Assignment
Exactly the lines below, starting with the one containing "Discover your new" and going on through the one containing "Digital alarm clock", must be reproduced, both ends included, and no pictures with them.

Records to use
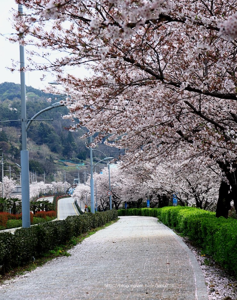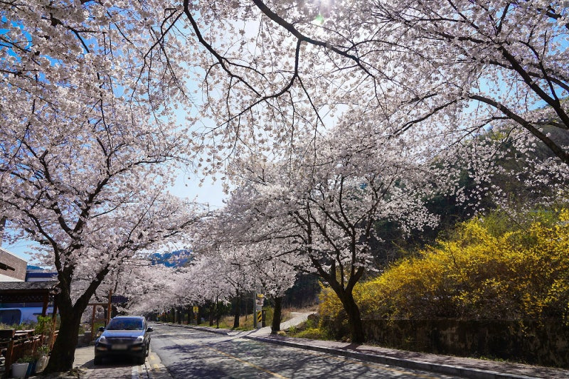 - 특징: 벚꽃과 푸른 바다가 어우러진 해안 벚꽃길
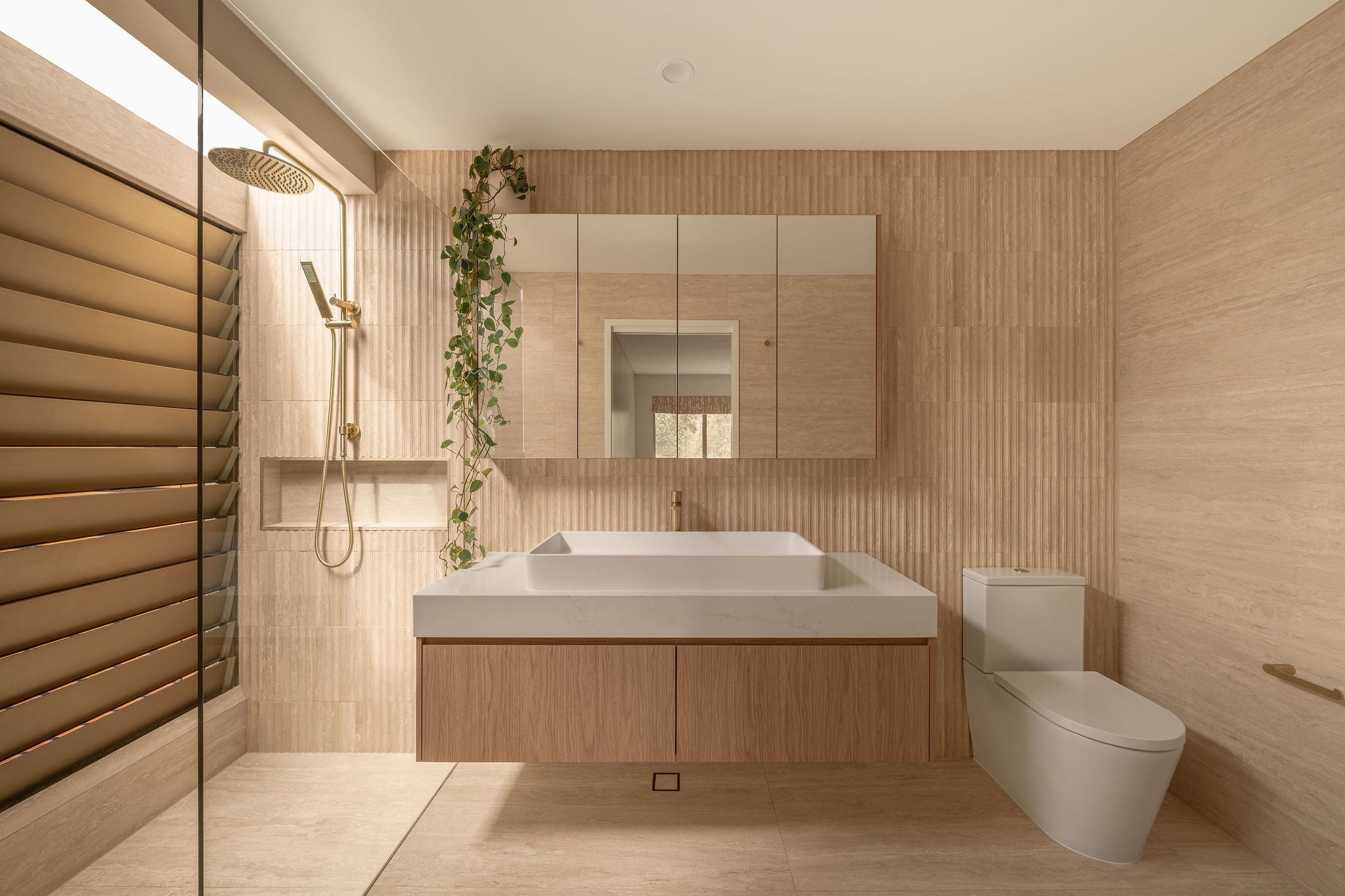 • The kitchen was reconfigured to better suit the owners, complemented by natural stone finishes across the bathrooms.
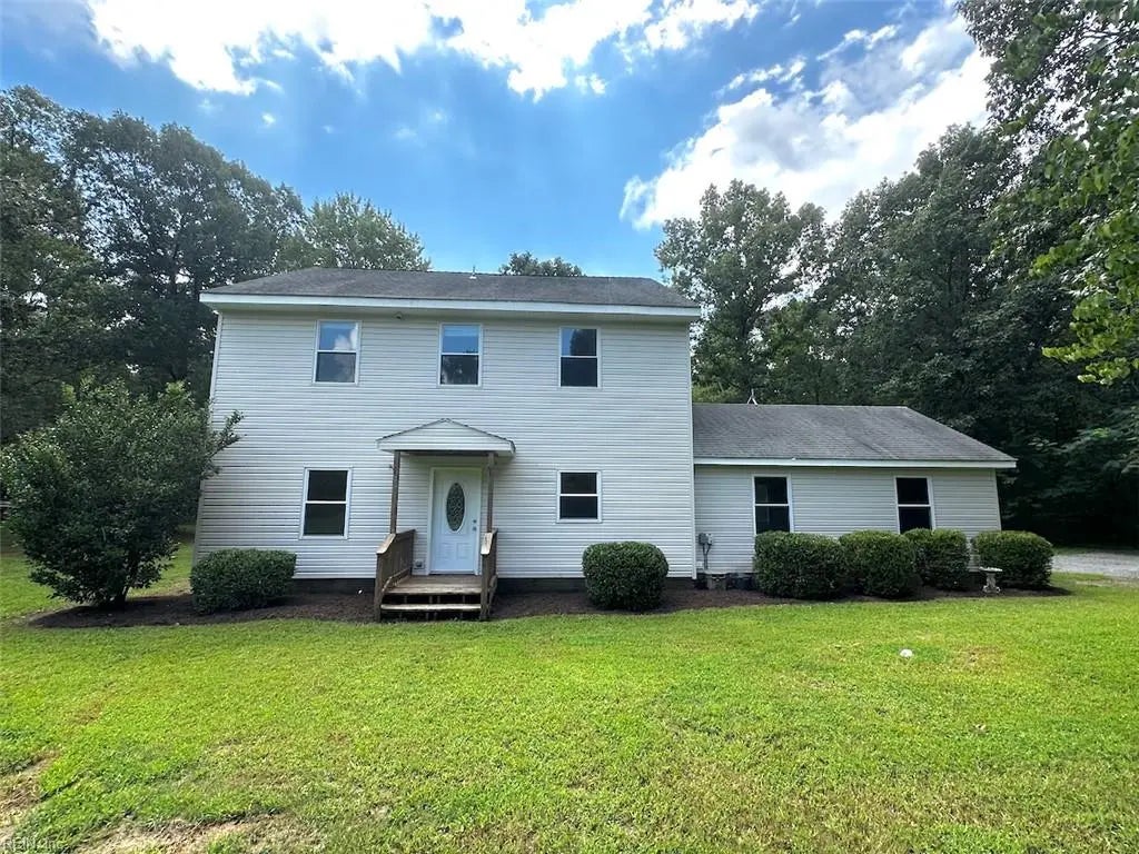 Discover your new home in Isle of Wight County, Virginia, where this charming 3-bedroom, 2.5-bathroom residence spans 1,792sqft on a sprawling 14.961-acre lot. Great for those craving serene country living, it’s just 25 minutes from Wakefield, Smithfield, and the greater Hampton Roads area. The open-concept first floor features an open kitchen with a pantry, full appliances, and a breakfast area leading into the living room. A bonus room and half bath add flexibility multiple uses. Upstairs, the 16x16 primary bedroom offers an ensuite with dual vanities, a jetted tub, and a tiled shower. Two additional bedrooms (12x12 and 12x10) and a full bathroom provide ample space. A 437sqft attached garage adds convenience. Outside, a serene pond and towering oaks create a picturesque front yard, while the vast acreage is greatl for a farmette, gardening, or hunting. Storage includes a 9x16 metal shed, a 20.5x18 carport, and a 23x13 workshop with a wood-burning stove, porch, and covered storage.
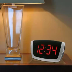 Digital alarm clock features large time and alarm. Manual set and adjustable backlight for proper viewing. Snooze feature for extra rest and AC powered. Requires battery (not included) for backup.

* * *

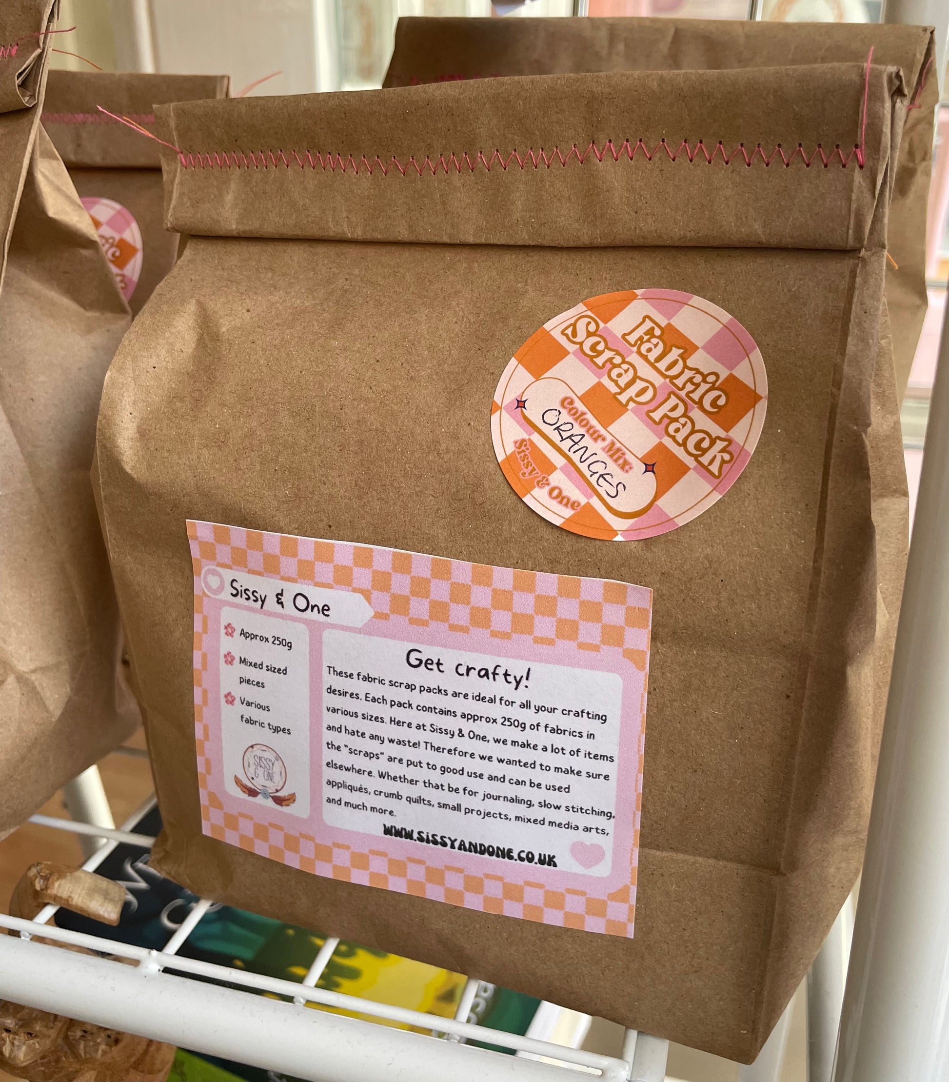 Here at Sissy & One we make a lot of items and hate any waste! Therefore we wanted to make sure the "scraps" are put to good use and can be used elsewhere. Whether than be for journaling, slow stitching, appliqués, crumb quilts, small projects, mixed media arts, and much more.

Exercise result
 Discover your new home in Isle of Wight County, Virginia, where this charming 3-bedroom, 2.5-bathroom residence spans 1,792sqft on a sprawling 14.961-acre lot. Great for those craving serene country living, it’s just 25 minutes from Wakefield, Smithfield, and the greater Hampton Roads area. The open-concept first floor features an open kitchen with a pantry, full appliances, and a breakfast area leading into the living room. A bonus room and half bath add flexibility multiple uses. Upstairs, the 16x16 primary bedroom offers an ensuite with dual vanities, a jetted tub, and a tiled shower. Two additional bedrooms (12x12 and 12x10) and a full bathroom provide ample space. A 437sqft attached garage adds convenience. Outside, a serene pond and towering oaks create a picturesque front yard, while the vast acreage is greatl for a farmette, gardening, or hunting. Storage includes a 9x16 metal shed, a 20.5x18 carport, and a 23x13 workshop with a wood-burning stove, porch, and covered storage.
 Digital alarm clock features large time and alarm. Manual set and adjustable backlight for proper viewing. Snooze feature for extra rest and AC powered. Requires battery (not included) for backup.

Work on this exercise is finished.